Reality TV star and entrepreneur Kim Kardashian and a former Carlyle Group Inc associate, who controversially helped buy the rights to six Taylor Swift albums, are launching a new private equity firm.
The new company to be launched by Kardashian and Jay Sammons will be called SKKY Partners and will focus on investments in sectors including consumer products, hospitality, luxury, digital commerce and media, The Wall reported. StreetJournal.
Sammons, who won a $2million bonus for helping Carlyle achieve its diversity, equity and inclusion goals last year, said he reached out to Kardashian about starting the business venture where he will direct day-to-day operations.
SKKY plans to make both control and minority investments in businesses, with Kardashian saying she wants to bring her own experience as an entrepreneur to help businesses thrive.
“What’s exciting is sitting down with these founders and finding out what their dream is,” Kardashian told the WSJ. “I want to support what it is, not change who they are in their DNA, but just support them and take them to a different level.”

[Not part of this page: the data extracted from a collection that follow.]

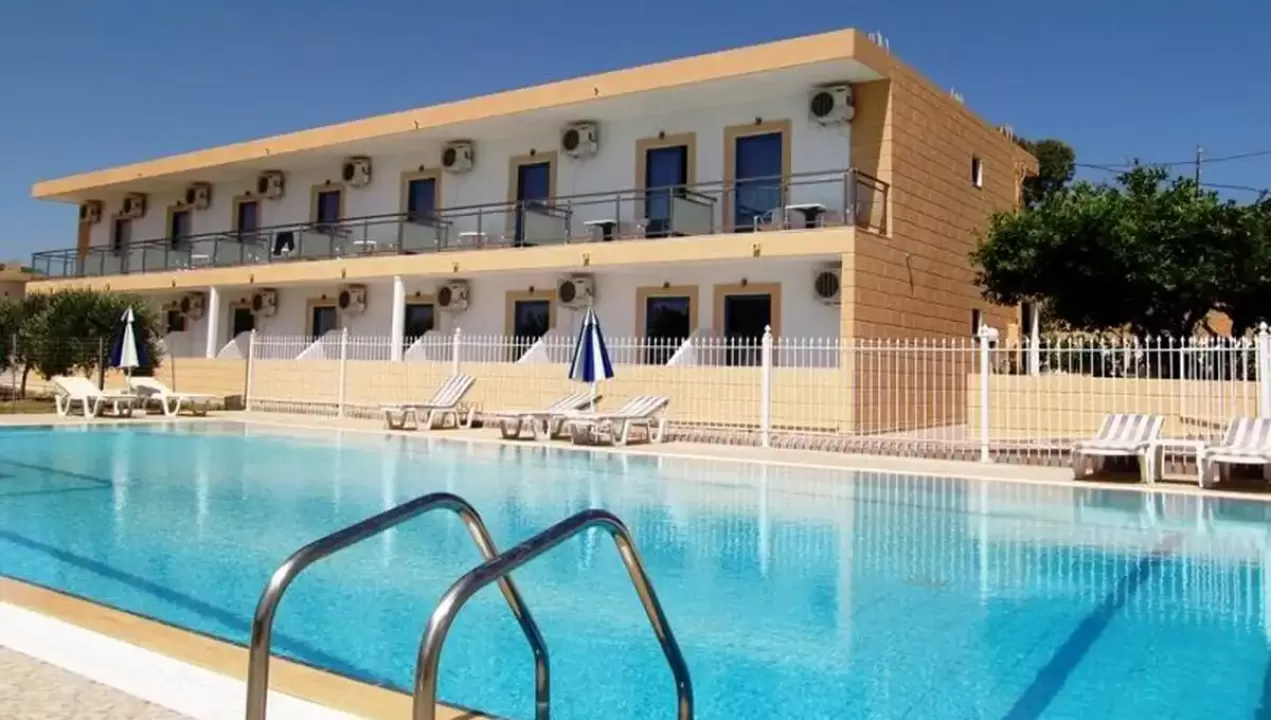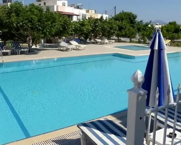 recepcija, bazen, ležaljke i suncobrani pored bazena, parking
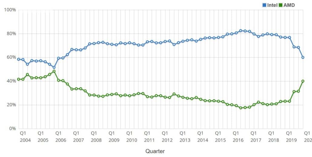 ถือเป็นข่าวที่น่ายินดีมากกับทาง AMD นี่เป็นครั้งแรกในรอบ 14 ปี ที่ CPU ของทาง AMD มีส่วนแบ่งทางการตลาดที่เยอะเป็นที่น่าพอใจ โดยทาง PassMask รายงานว่า ส่วนแบ่งทางการตลาดของ AMD นั้น ได้เพิ่มขึ้นมาเป็น 40% ในปี 2019
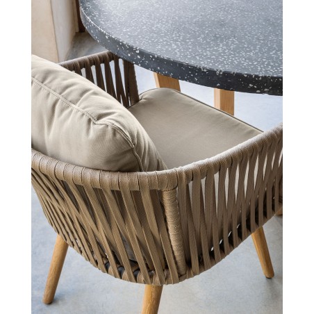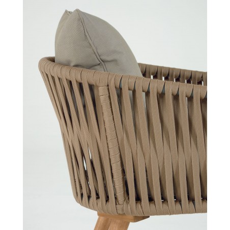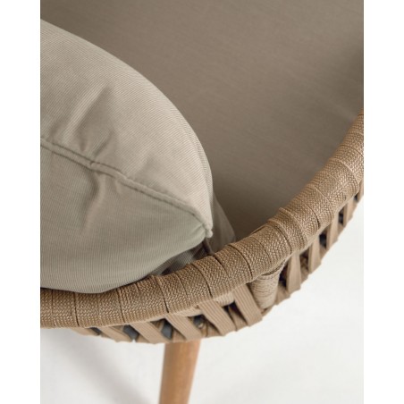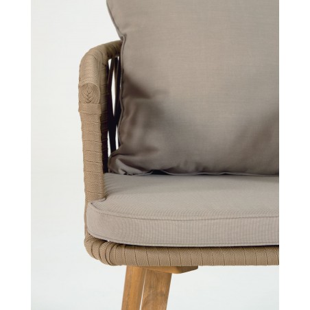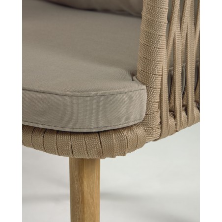 La silla modelo Hemce proporciona resistencia gracias a su estructura fabricada en aluminio resistente a las condiciones climáticas y cuerda color beige, además sus patas son de madera maciza de acacia que proviene de bosques sostenibles y una tala controlada para el bien del medio ambiente. También contiene un cojín beige relleno de espuma en el asiento y otro en el respaldo, para que sea más cómoda a la hora de sentarse, son desenfundables y resistentes al agua en caso de lluvia.
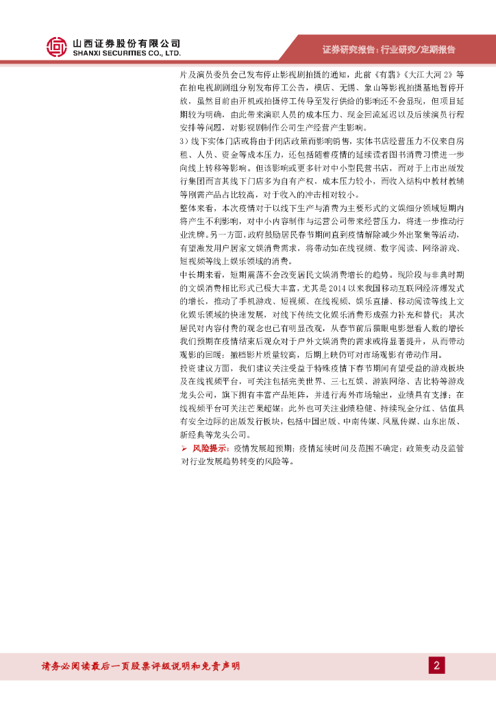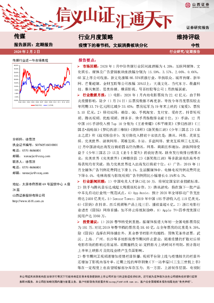 山西证券:传媒行业月度策略:疫情下的春节档,文娱消费板块分化.pdf
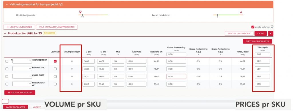 Insert your preferred prices for the SKU’s and the ”Volume calculator” will calculate the total volumes for each SKU for the entire promotion period.
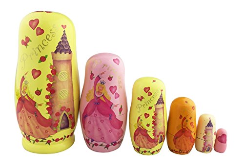 -. Title : Cute Dancing Blonde P.R.Incess Heart Rose Castle Pattern Wooden Handmade Russian Nesting Dolls Matryoshka Dolls Set 6 Pieces For Kids Little Girl Toy Birthday Christmas Gift Home Kids Room Decoration
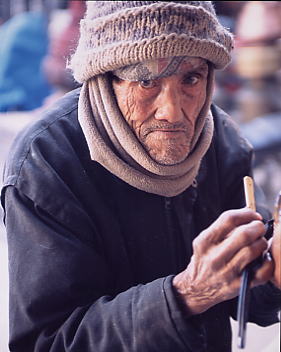 真剣な眼で、顔を剃っていました。その眼をカメラに向けて……
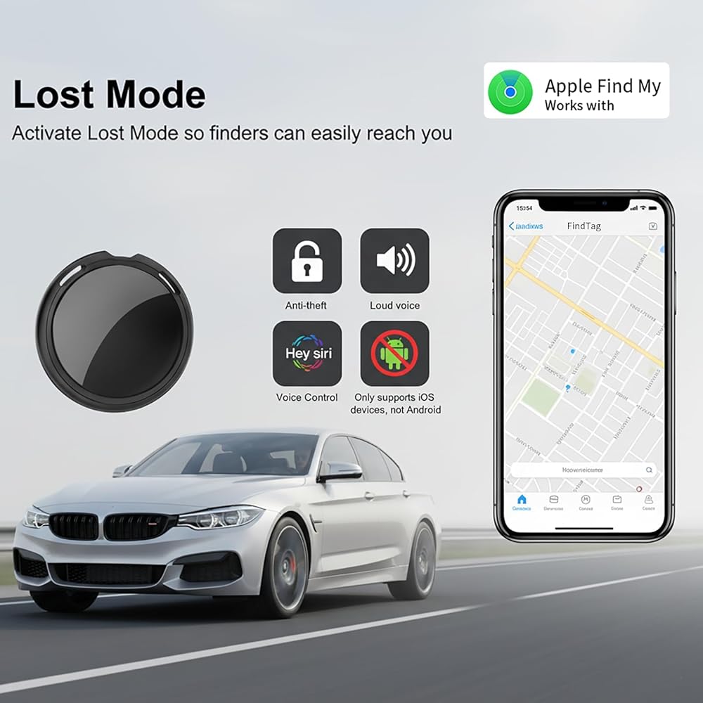 No Subscription GPS Tracker: Exclusively for Apple users (no Android), this mini car tracking device uses Apple's Find My network instead of cellular GPS. No SIM card, no monthly fee, and no extra app—just add it to Find My and start tracking instantly

The Kardashians’ latest business venture comes as Kourtney faced backlash for signing on as a ‘sustainability ambassador’ for fashion brand BooHoo despite the family’s reputation for excess.
Kim Kardashian (left) is set to launch private equity firm SKKY with her partner Jay Sammons (right) to invest in consumer and media companies
While Sammons handles day-to-day operations, Kardashian will serve as the face of the company and use her influence to win investors and build businesses. Pictured: Kardashian showing off a Skims outfit, with her company valued at over $3 billion
Sammons, a former Carlyle Group Inc partner, is known for investing in Beats by Dre and streetwear brand Supreme, and also controversially backed Scooter Braun in his bid to buy the rights to six Taylor Swift albums. .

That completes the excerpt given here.